Problem to work on: Please set down, word for word, the line that contains "患者蒋儒才送来锦旗感谢急救部" and every line after it to the end of the entries below, omitting the pictures.
━━━━━━━━
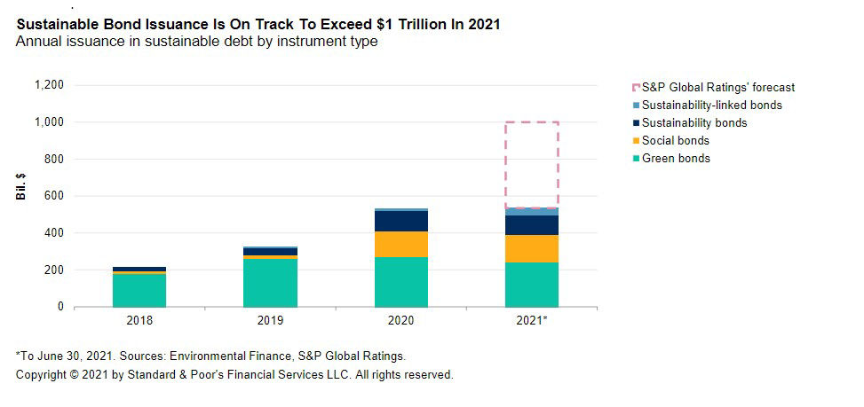 Green finance has grown exponentially over the last few years and appears poised to continue expanding. S&P Global Ratings, the ratings arm of S&P Global, predicts that sustainable bond issuance — including green, social, sustainability and sustainability-linked bonds — could collectively exceed $1 trillion in 2021.
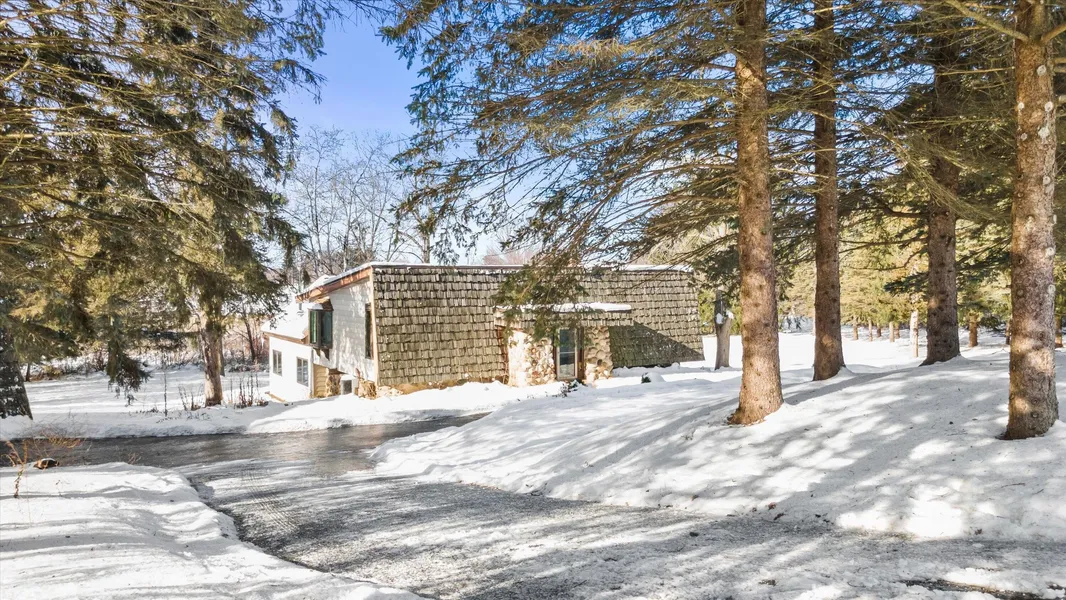 Beautifully set on 2+ acres, this unique 3-bedroom home offers exceptional potential and striking architectural charm. Enjoy a convenient main-level primary bedroom, nicely updated bathrooms, and a well-designed kitchen. The spacious great room features soaring ceilings and stunning views, creating an inviting space for everyday living and entertaining. Bright, open areas provide endless possibilities to personalize and update to your style. With its serene setting, expansive yard, and standout design, this property is a rare opportunity to create your dream retreat.
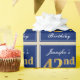 Cette conception simple et élégante de papier d’emballage comporte un message personnalisé comme "42e anniversaire de Jennifer" (avec le "42e" à l’allure fausse/imitation dorée) dans une zone carré de couleur bleue avec un contour de bordure simple. Le nom est dans un élégant texte blanc de couleur script, et peut être customisé. Un papier comme celui-ci pourrait peut-être être utilisé pour envelopper des cadeaux d'anniversaire pour quelqu'un qui célèbre son quarante-deuxième anniversaire. [~Z0000221]
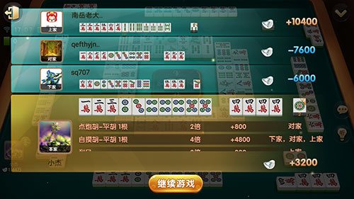 玩家胡牌后,如果此时还有麻将牌未摸完或者少于三位玩家胡牌,则游戏继续进行,已胡牌的玩家在不改变胡牌牌型的前提下可以进行杠和胡的操作,之后只能摸牌打牌不能换手牌,这样玩家先胡一个平胡可能整个游戏过程还是输分,因为别的玩家可以在之后胡大牌。
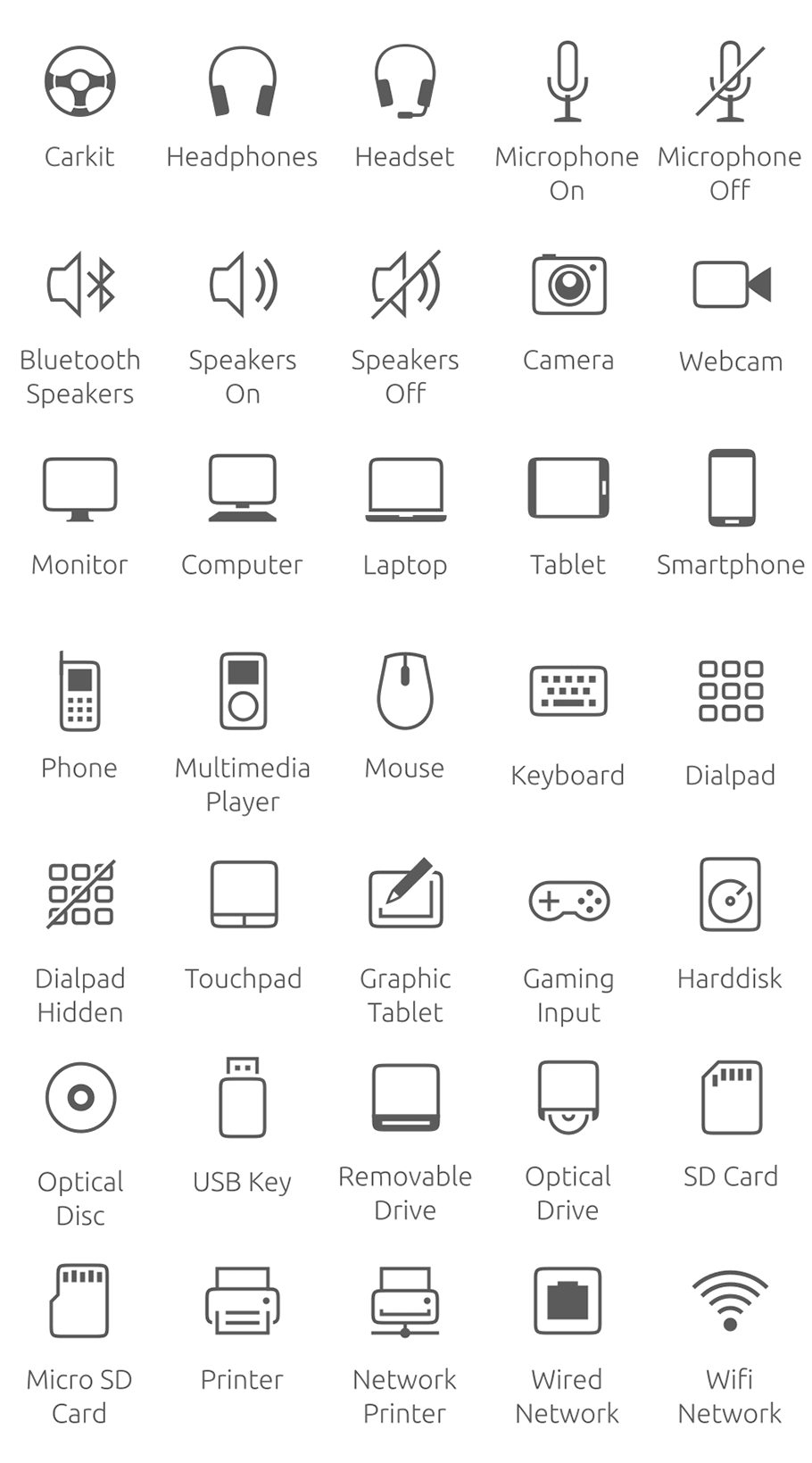 At the moment, if you compare the Suru icon theme to the symbolic mono icons in Gnome, or to the Humanity devices icons, a few icons are missing, so you should expect to see this set expand at some point in the future — but the most common devices are covered.
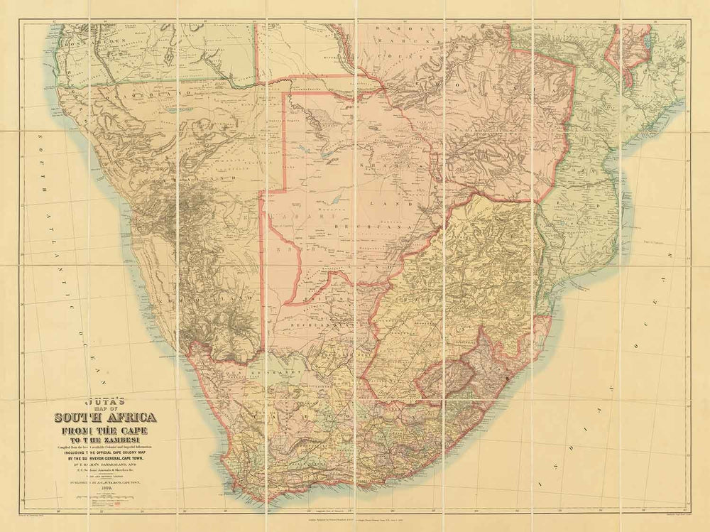 Un mapa increíblemente detallado de África del Sur y Central, publicado originalmente en 1899 por Juta and Company en Sudáfrica y Edward Stanford en Londres.
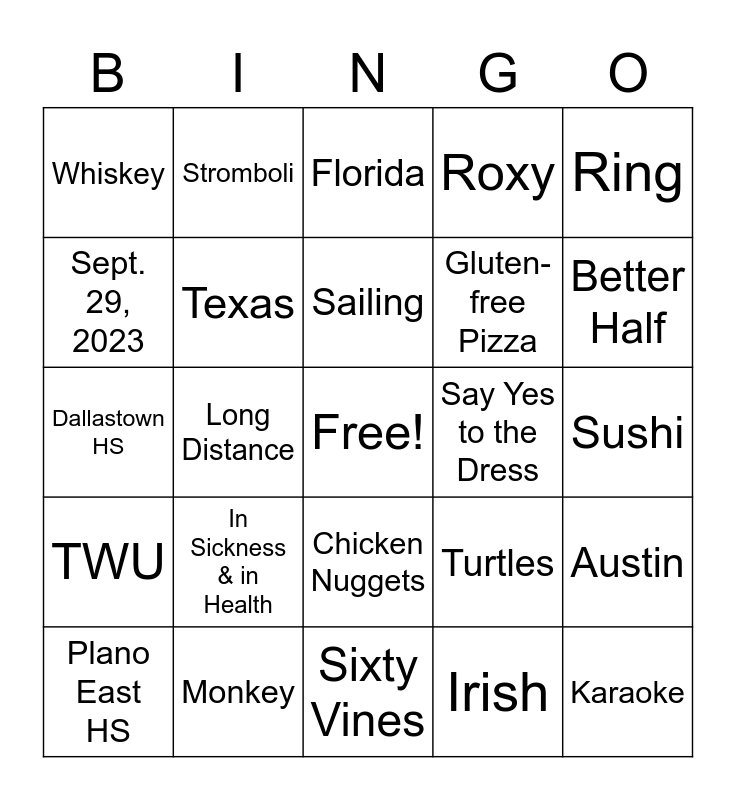 This bingo card has a free space and 73 words: Wine Wednesday, Wife, Whiskey, VW, Vodka, Viper, TWU, Tuxedo, Turtles, Truly, The Olana, The Lantern, Texas, Sushi, Sundried Tomatoes, Stromboli, Sixty Vines, Sept. 29, 2023, Scorpio, Say Yes to the Dress, Sailing, Roxy, Ring, Purple, Plano East HS, Pennsylvania, Penn State, Pearl, Nissan, Napolis, Monkey, Mexican Sugar, Mercury in Retrograde, Mac n' CHeese, Long Distance, Live Music, Lily, Lifetime, Karaoke, Jamaica, Irish, In Sickness & in Health, Husband, Happily Ever After, Golf, Gluten-free Pizza, Florida, Figgie, Drums, Dallastown HS, Dallas Stars, Croation, Crab Legs, Cowboys, Cowboy Hat, COVID, Chocolates, Chicken Nuggets, Chef, Charleston, Cancer, Boots, Blue, Better Half, Bella, Beach Ready, Ball & Chain, Bagheera, Austin, #broke, Nov. 6, June 26 and April 28.
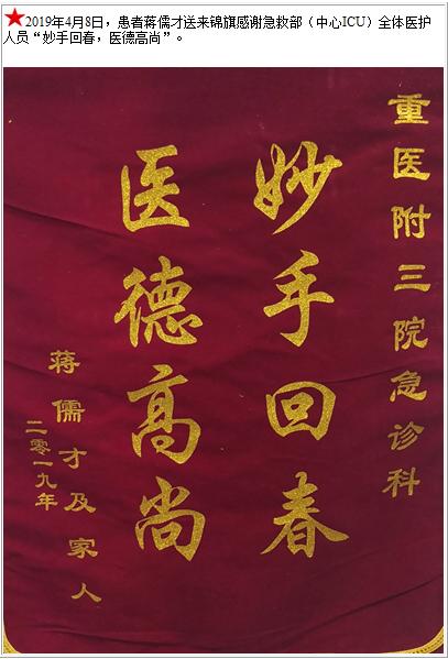 患者蒋儒才送来锦旗感谢急救部(中心ICU)全体医护人员-锦旗-患者心声-患者服务-重庆医科大学附属第三医院【官方网站】
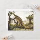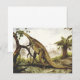 Ilustração antiga de um animal selvagem herbívoro pré-histórico, o Plateossauro. Um dinossauro comedor de plantas do período Triássico tardio comendo folhas em uma paisagem de selva.
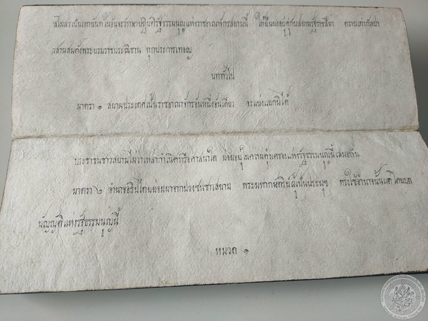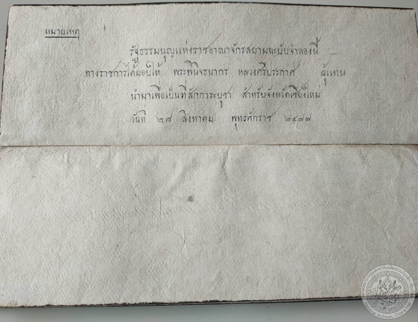 รัฐธรรมนูญแห่งราชอาณาจักรสยามฉบับจำลอง ที่ถูกอัญเชิญมาประดิษฐานที่จังหวัดเชียงใหม่ รับมอบโดยพระพินิจธนากร (บุญเพ็ง ยุกตะนันทน์) และหลวงศรีประกาศ (ฉันท์ วิชยาภัย) ผู้แทนราษฎรจังหวัดเชียงใหม่ในขณะนั้น ปัจจุบันถูกเก็บรักษาไว้ที่หอจดหมายเหตุแห่งชาติเฉลิมพระเกียรติสมเด็จพระนางเจ้าสิริกิติ์ พระบรมราชินีนาถ เชียงใหม่ โดยนายเจริญฤทธิ์ สงวนสัตย์ ผู้ว่าราชการจังหวัดเชียงใหม่ได้มอบให้หอจดหมายเหตุแห่งชาติเฉลิมพระเกียรติสมเด็จพระนางเจ้าสิริกิติ์ พระบรมราชินีนาถ เชียงใหม่ ในวันที่ ๑๔ พฤษภาคม ๒๕๖๓ เพื่อเก็บรักษาไว้เป็นหลักฐานทางประวัติศาสตร์ของจังหวัดเชียงใหม่และใช้เป็นข้อมูลในการศึกษาอ้างอิงต่อไป
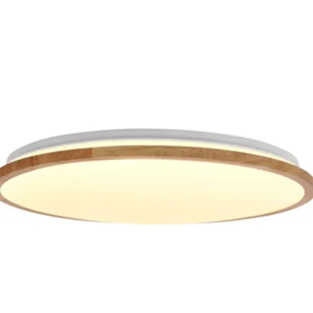 This is a round ceiling light. The upper part is a white ring, and the lower part is a wooden frame. There is a light strip between the two layers. The inner lighting surface emits a soft warm light, presenting a natural, cozy and textured look.
━━━━━━━━
Task output:
 患者蒋儒才送来锦旗感谢急救部(中心ICU)全体医护人员-锦旗-患者心声-患者服务-重庆医科大学附属第三医院【官方网站】
 Ilustração antiga de um animal selvagem herbívoro pré-histórico, o Plateossauro. Um dinossauro comedor de plantas do período Triássico tardio comendo folhas em uma paisagem de selva.
 รัฐธรรมนูญแห่งราชอาณาจักรสยามฉบับจำลอง ที่ถูกอัญเชิญมาประดิษฐานที่จังหวัดเชียงใหม่ รับมอบโดยพระพินิจธนากร (บุญเพ็ง ยุกตะนันทน์) และหลวงศรีประกาศ (ฉันท์ วิชยาภัย) ผู้แทนราษฎรจังหวัดเชียงใหม่ในขณะนั้น ปัจจุบันถูกเก็บรักษาไว้ที่หอจดหมายเหตุแห่งชาติเฉลิมพระเกียรติสมเด็จพระนางเจ้าสิริกิติ์ พระบรมราชินีนาถ เชียงใหม่ โดยนายเจริญฤทธิ์ สงวนสัตย์ ผู้ว่าราชการจังหวัดเชียงใหม่ได้มอบให้หอจดหมายเหตุแห่งชาติเฉลิมพระเกียรติสมเด็จพระนางเจ้าสิริกิติ์ พระบรมราชินีนาถ เชียงใหม่ ในวันที่ ๑๔ พฤษภาคม ๒๕๖๓ เพื่อเก็บรักษาไว้เป็นหลักฐานทางประวัติศาสตร์ของจังหวัดเชียงใหม่และใช้เป็นข้อมูลในการศึกษาอ้างอิงต่อไป
 This is a round ceiling light. The upper part is a white ring, and the lower part is a wooden frame. There is a light strip between the two layers. The inner lighting surface emits a soft warm light, presenting a natural, cozy and textured look.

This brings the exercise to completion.